Biblical Voices: the Sage

The Bible is a book of specific, verbal revelation. In it, God speaks. You would expect such a book to lead off its proclamations with phrases like “Thus saith the Lord…,” and in many places it does.

However, not in all.

In Proverbs and Ecclesiastes in particular, we find a different voice coming to the fore. It’s not the voice of a prophet or a priest, delivering a word directly from God. It’s the voice of the sage, the wise man observing the world. Where the prophet says, “God said…” the sage says “Here’s what I saw…,” and then “Go look for yourself!”
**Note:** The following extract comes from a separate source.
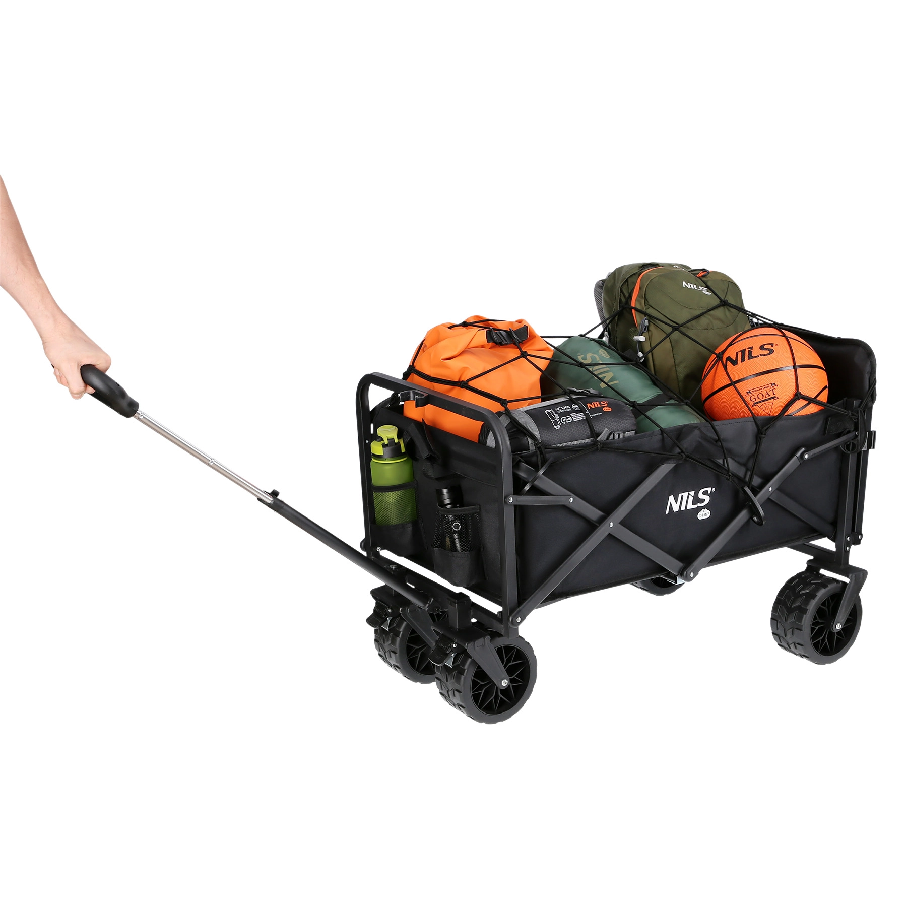 Căruciorul pliabil practic NILS Camp NC1608 este ajutorul ideal pentru plajă, camping și festivaluri. Oferă capacitate de 160 l, sarcină maximă de până la 100 kg, mâner telescopic pentru manevrare ușoară și roți late de 7" pentru rulare lină chiar și pe nisip. Panou spate rabatabil, buzunare pentru băuturi și buzunar interior pentru organizare perfectă. Datorită pliării rapide, sistemului de blocare și genții incluse, se transportă și se depozitează ușor.
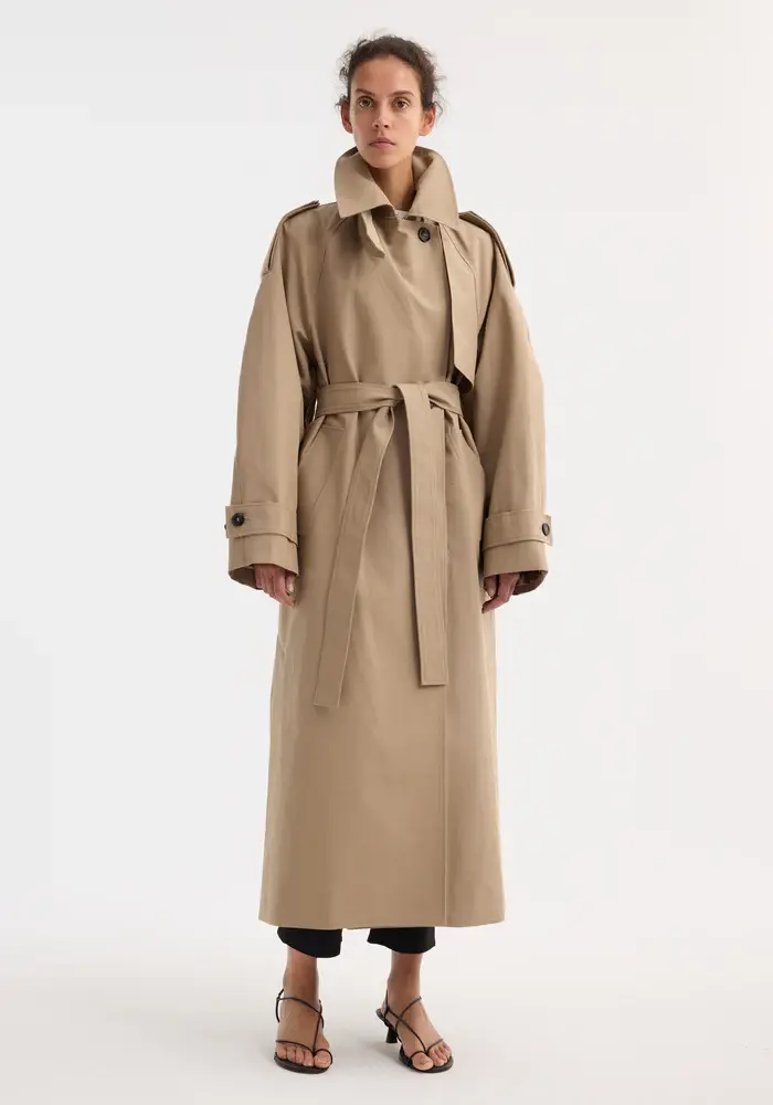 Our take on the classic trench crafted from a high-quality dense cotton fabric with structured design details and an oversized full-length silhouette for modern elegance.

Van Til and other thinkers downstream from him have made much of the observation that the fear of the Lord is the beginning of wisdom and knowledge. So it is. If you don’t start there, they will say, then you haven’t got anything. I want to make a slightly different point. The fear of the Lord is the beginning of wisdom, not the whole of wisdom. There’s nothing holy about willfully remaining a beginner. The goal is to grow.

So once you have the fear of the Lord, you have the beginning. What more do you need? Go to the ant, thou sluggard; consider her ways and be wise!

Do you see? A sage, speaking in Scripture, is telling you to go outside Scripture into the world, pay attention to what is happening there, and contemplate it–because you will gain wisdom by so doing.

Can you interpret the world wrongly? Sure. Just like you can interpret verbal revelation wrongly. Discernment is required. Mistakes will be made. But God has given us the task: it is the glory of God to conceal a matter, and the glory of kings to search it out. Let’s be about it.